:: DIRECTIONS ::
Please copy exactly the line that contains "그럼 앞선 예시로 돌아가" and every line after it through the end of the records, leaving the pictures out.

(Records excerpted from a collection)
+ + + + + + +

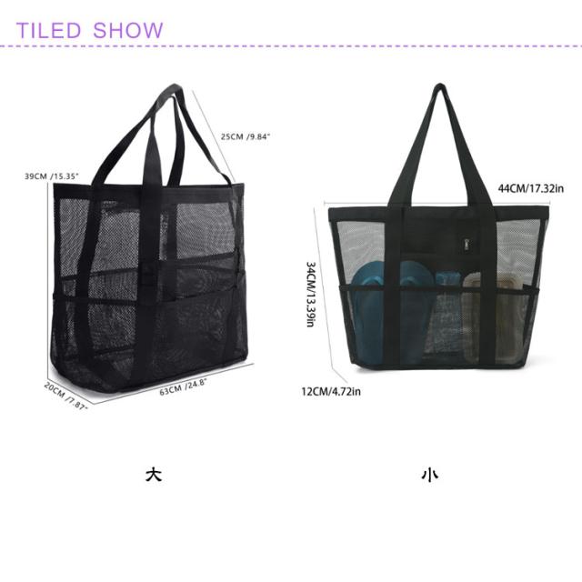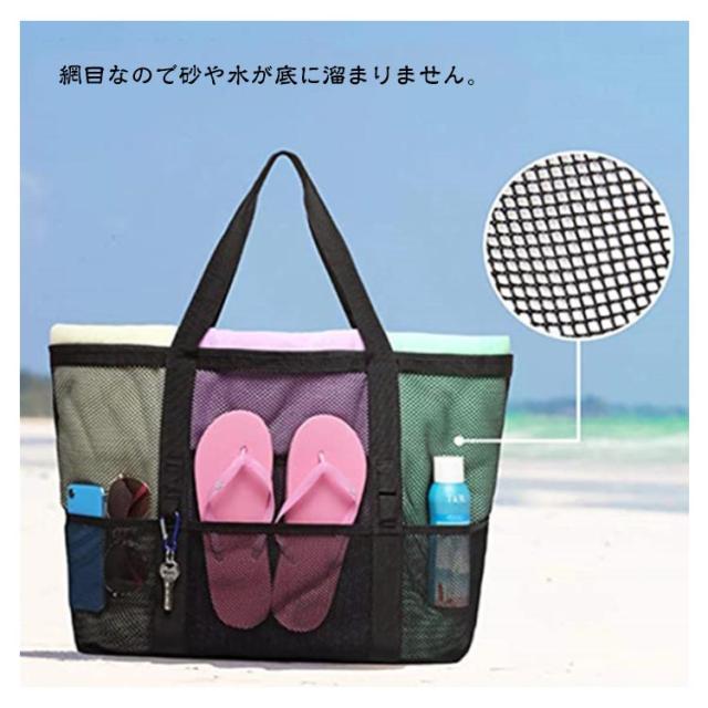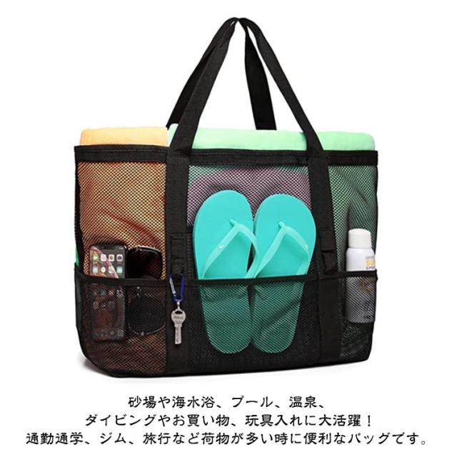 | 大容量のメッシュトートバッグです。砂場や海水浴、プール、温泉、ダイビングやお買い物、玩具入れに大活躍!通勤通学、ジム、旅行など荷物が多い時に便利なバッグです。 多ポケット、内部にファスナーポケットがあります。持ちやすいハンドルです。肩掛けもできる大型トートバッグです。 大き目ですが軽量でコンパクトに折り畳みできるトートので旅行や海など外出用に携帯できます。 網目なので砂や水が底に溜まりません。 丈夫なポリエステルオックスフォード生地です。メッシュ素材のトートは水に濡れても乾きやすいです。ご家庭で洗えます。 | |
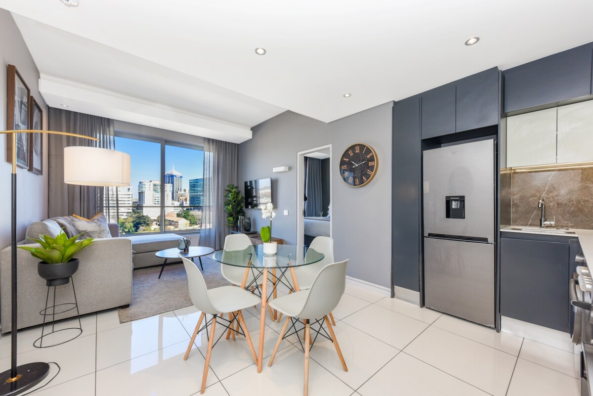 ウォーターフォールの豪華なEllipse Apartmentsの素晴らしいアパートで、スーパーホストが誇りを持って管理する滞在をお楽しみください。リラクゼーション、生産性、レジャーのために設計された、美しく家具が揃った空間の快適さをお楽しみください。モダンな高層ビルから、素晴らしい街の景色をお楽しみください。世界クラスのスマートシティに位置し、トップクラスのショッピング、ダイニング、エンターテイメントが揃う有名なMall of Africaまで徒歩すぐです。バックアップ電源により、停電中も快適にご滞在いただけます
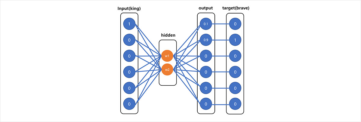 그럼 앞선 예시로 돌아가 ‘king’이라는 단어를 워드투벡터를 통해 이차원 벡터로 임베딩 해보겠습니다. 우선 원-핫 코딩을 통해 ‘king’에 원-핫 벡터를 부여하면 [1,0,0,0,0,0]이 됩니다. 다음으로 은닉층에 벡터는 일단 무작위적으로 부여됩니다. 예를 들면, 처음에 은닉층에 임의의 벡터가 부여되어 그림4와 같이 출력층에 [0.1,0.9,0,0,0,0]가 출력되었다고 합시다. 그러면 ‘king’의 주변 단어였던 ‘brave’의 원-핫 벡터와 출력된 벡터를 비교하여 차이를 계산할 수 있고, 계산된 차이에 따라 은닉층에 부여된 벡터를 조정하게 됩니다. 이러한 과정을 인공신경망의 역전파(backpropagation)라 부르며, 역전파 과정을 반복하여 중심단어와 주변단어의 차이가 최소화되는 방향으로 점차 은닉층의 벡터가 조정되는 것입니다.
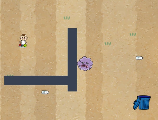 付録のQRコードを読み込むと、絵本の世界を再現したゲームで遊ぶことができます。「ぼく」を操作して、追いかけてくる「ホコリンリン星人」から逃げながらゴミを集めてゴミ箱へ運べばクリアです。ぜひ挑戦して、クリアを目指してください。
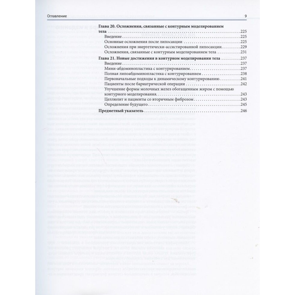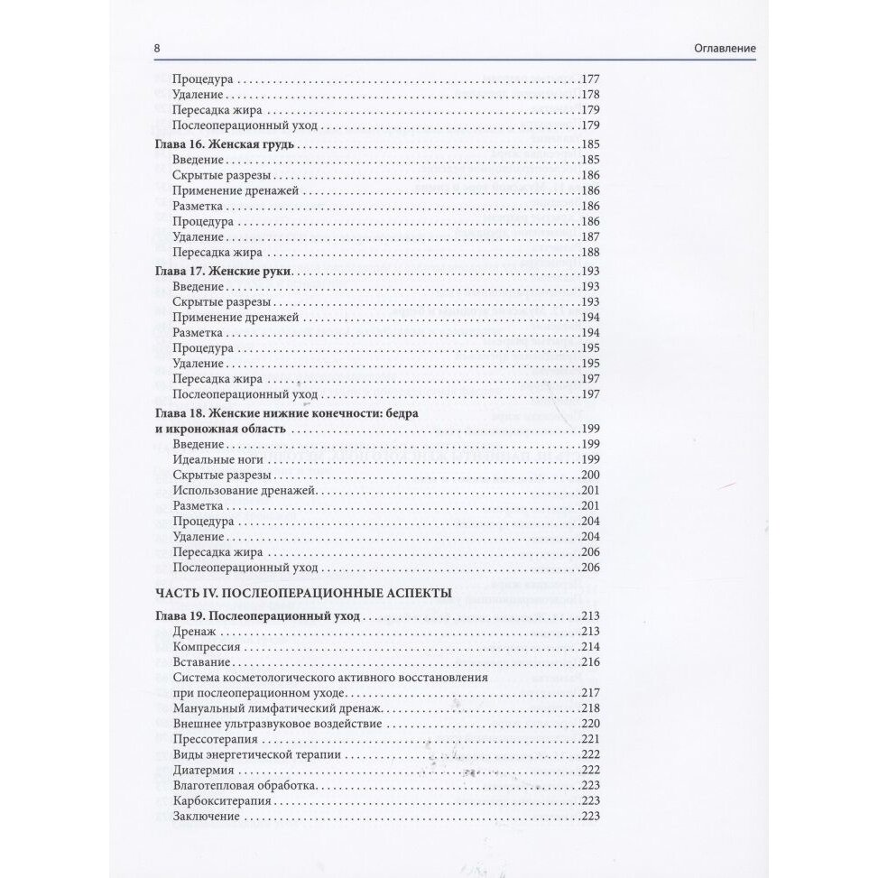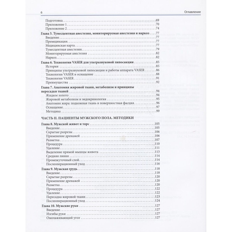Руководство подробно описывает передовые методы липопластики и аутологичной жировой трансплантации для высокоточного моделирования тела. Четкие пошаговые объяснения техник сопровождаются многочисленными цветными иллюстрациями и фотографиями. Первая часть книги содержит главы, посвященные поверхностной и мышечной анатомии, анестезии, оценке тела, технологиям ультразвуковой липопластики и послеоперационному уходу. Затем подробно описано точное моделирование мужского и женского живота, туловища, спины, грудной клетки, верхних и нижних конечностей, а также дана четкая инструкция по аутологичной жировой пластике контурирования ягодиц, груди и грудных областей.

+ + + + + + +

:: TASK RESPONSE ::
 그럼 앞선 예시로 돌아가 ‘king’이라는 단어를 워드투벡터를 통해 이차원 벡터로 임베딩 해보겠습니다. 우선 원-핫 코딩을 통해 ‘king’에 원-핫 벡터를 부여하면 [1,0,0,0,0,0]이 됩니다. 다음으로 은닉층에 벡터는 일단 무작위적으로 부여됩니다. 예를 들면, 처음에 은닉층에 임의의 벡터가 부여되어 그림4와 같이 출력층에 [0.1,0.9,0,0,0,0]가 출력되었다고 합시다. 그러면 ‘king’의 주변 단어였던 ‘brave’의 원-핫 벡터와 출력된 벡터를 비교하여 차이를 계산할 수 있고, 계산된 차이에 따라 은닉층에 부여된 벡터를 조정하게 됩니다. 이러한 과정을 인공신경망의 역전파(backpropagation)라 부르며, 역전파 과정을 반복하여 중심단어와 주변단어의 차이가 최소화되는 방향으로 점차 은닉층의 벡터가 조정되는 것입니다.
 付録のQRコードを読み込むと、絵本の世界を再現したゲームで遊ぶことができます。「ぼく」を操作して、追いかけてくる「ホコリンリン星人」から逃げながらゴミを集めてゴミ箱へ運べばクリアです。ぜひ挑戦して、クリアを目指してください。
Руководство подробно описывает передовые методы липопластики и аутологичной жировой трансплантации для высокоточного моделирования тела. Четкие пошаговые объяснения техник сопровождаются многочисленными цветными иллюстрациями и фотографиями. Первая часть книги содержит главы, посвященные поверхностной и мышечной анатомии, анестезии, оценке тела, технологиям ультразвуковой липопластики и послеоперационному уходу. Затем подробно описано точное моделирование мужского и женского живота, туловища, спины, грудной клетки, верхних и нижних конечностей, а также дана четкая инструкция по аутологичной жировой пластике контурирования ягодиц, груди и грудных областей.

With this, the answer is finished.